- GIVEN ENTRIES
☆ ☆ ☆

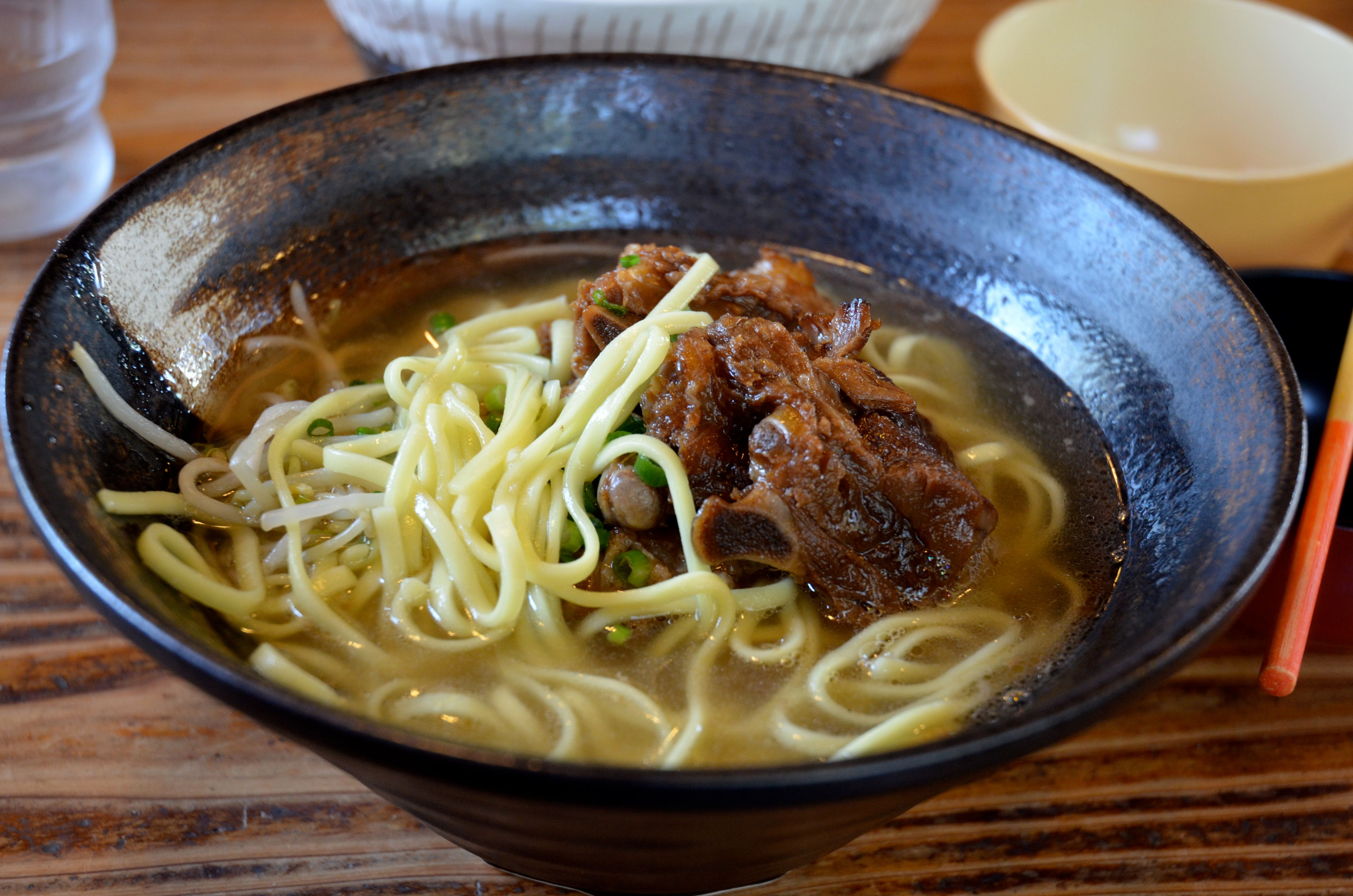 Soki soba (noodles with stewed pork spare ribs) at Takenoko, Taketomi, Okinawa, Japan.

☆ ☆ ☆

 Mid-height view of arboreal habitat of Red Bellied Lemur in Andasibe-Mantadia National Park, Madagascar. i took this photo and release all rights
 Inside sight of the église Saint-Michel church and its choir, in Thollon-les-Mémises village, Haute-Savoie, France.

☆ ☆ ☆

- WHAT IS BEING ASKED
Take the records above and return, word for word, only the lines that fall from the line with "Mid-height view of" to the line with "Inside sight of", both of them included.

- RESPONSE BOX
 Mid-height view of arboreal habitat of Red Bellied Lemur in Andasibe-Mantadia National Park, Madagascar. i took this photo and release all rights
 Inside sight of the église Saint-Michel church and its choir, in Thollon-les-Mémises village, Haute-Savoie, France.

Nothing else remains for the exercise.